Limited Companies

As well as assisting individuals undergoing financial distress, we also have experience in corporate restructuring by means of formal and informal processes.The main formal processes are set out below, but we also have any number of restructuring tools to assist if your business is suffering cash flow difficulties.

Download our Guides & Policies

1. Company Voluntary Arrangement (CVA) – A CVA is a proposal put to your business creditors. It has 2 stages, a nominee stage and a supervisor stage. In the nominee stage, the IP puts together the proposal based on information gathered from company records.  The business creditors then vote at a meeting called for that purpose as to whether they accept the proposal or not. In order to be a success, 75% in value of those creditors who vote need to agree. In return for making payments to then, the creditors agree to take no enforcement action against the company. There is usually an element of debt sacrifice allowed in the CVA. When the CVA proposal has worked through to its conclusion, the company comes out of the CVA and is allowed to trade on. There is no change to the legal entity. It is not the end of the company.

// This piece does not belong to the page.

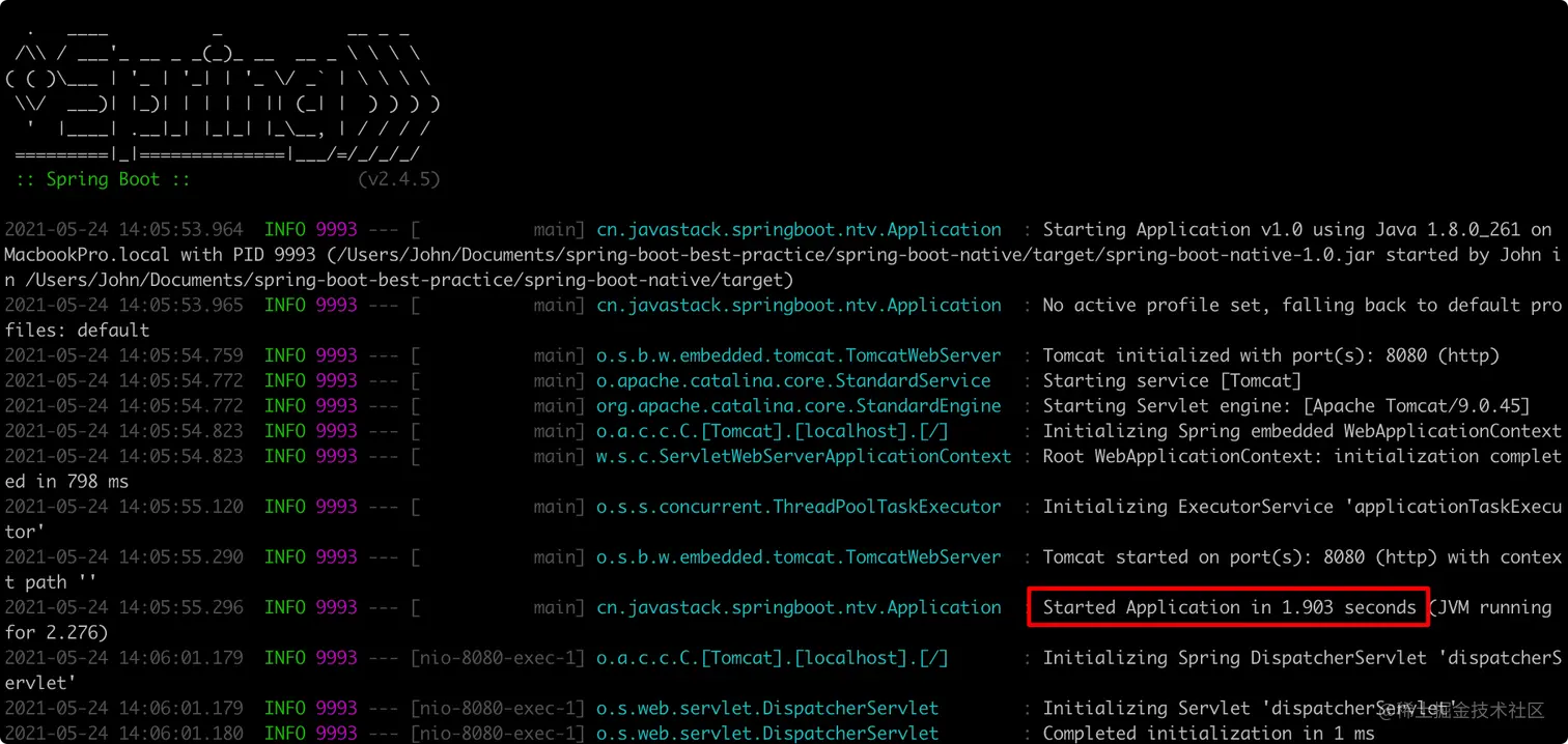 当然这只是我测试的参考时间,但可以说明的原生应用运行确实要比 JVM 快不少!
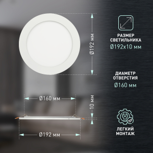 Описание: Круглый светодиодный светильник LED 1-16-4K - замечательное решение для любой комнаты в вашем доме! Светодиодный светильник можно использовать как в качестве основного освещения, так и для создания акцентов в определенных зонах комнаты. Благодаря скрытой части корпуса светильники можно встраивать в потолок или стены, создавая разный стиль помещений. Светильник ЭРА с приятным дизайном подойдет для помещений с разным интерьером: от лофта до модерна, классицизма или минимализма. Светильник обладает цветовой температурой в 4000К, что эквивалентно нейтральному дневному свету. Мощность лампы – 16 Вт. Диаметр отверстия, требуемого для установки светильника составляет 160 мм, а диаметр самого светильника – 192 мм. Купив точечный светильник бренда ЭРА, вы останетесь довольны и сможете создать приятную атмосферу в доме!

2. Administration – When a company enters administration a bubble is placed around the company stopping any action being taken against it. Within 10 weeks of the date of administration, the IP has to put proposals to creditors as to how the administration is to be run. This is different from a CVA as it is the IP’s proposals rather than the companys. An administration does not necessarily mean the end of a company, it can be used to give a company breathing space to deal with historic debts.There are 3 reasons why a company may enter administration:

1. Better realisations to creditors than if the company were to be wound up

2. To make distributions to one or more secured creditors

3. To return the company t directors as a going concern.
There always has to be an exit strategy for an administrator either exit via a CVA, Creditors Voluntary Liquidation or dissolution of the company. The administration takes into account all of the company’s assets at the date of administration. There is normally an element of debt forgiveness.

3. Pre-pack administration – This process has had some negative coverage, but it is a true restructure and recovery process which used properly can aid businesses. At Middlebrooks we can guide you through the steps required. Essentially a pre-pack administration entails the sale of some or all of the business prior to the formal administration process. The business creditors are informed, but it is predominantly for information only and they have very little say. A pre-pack is normally used where there is a reputational risk that would adversely affect the value of the business assets.

4. Liquidation – This is the end of the company’s life. Liquidation is a wind up of the company taking account of all it’s assets and liabilities as at the date of liquidation. The IP realises the company’s assets and distributes them either direct or by means of an auction site. Your fiduciary duties as a director remain, but you no longer run the company and the IP maintains and disposes of all the books and records.

5. Solvent liquidations – A members voluntary liquidation is a solvent winding up.  The MVL allows shareholders to withdraw funds in a tax efficient manner. Usually Middlebrooks works closely in tandem with your tax advisor to ensure maximum benefit is achieved.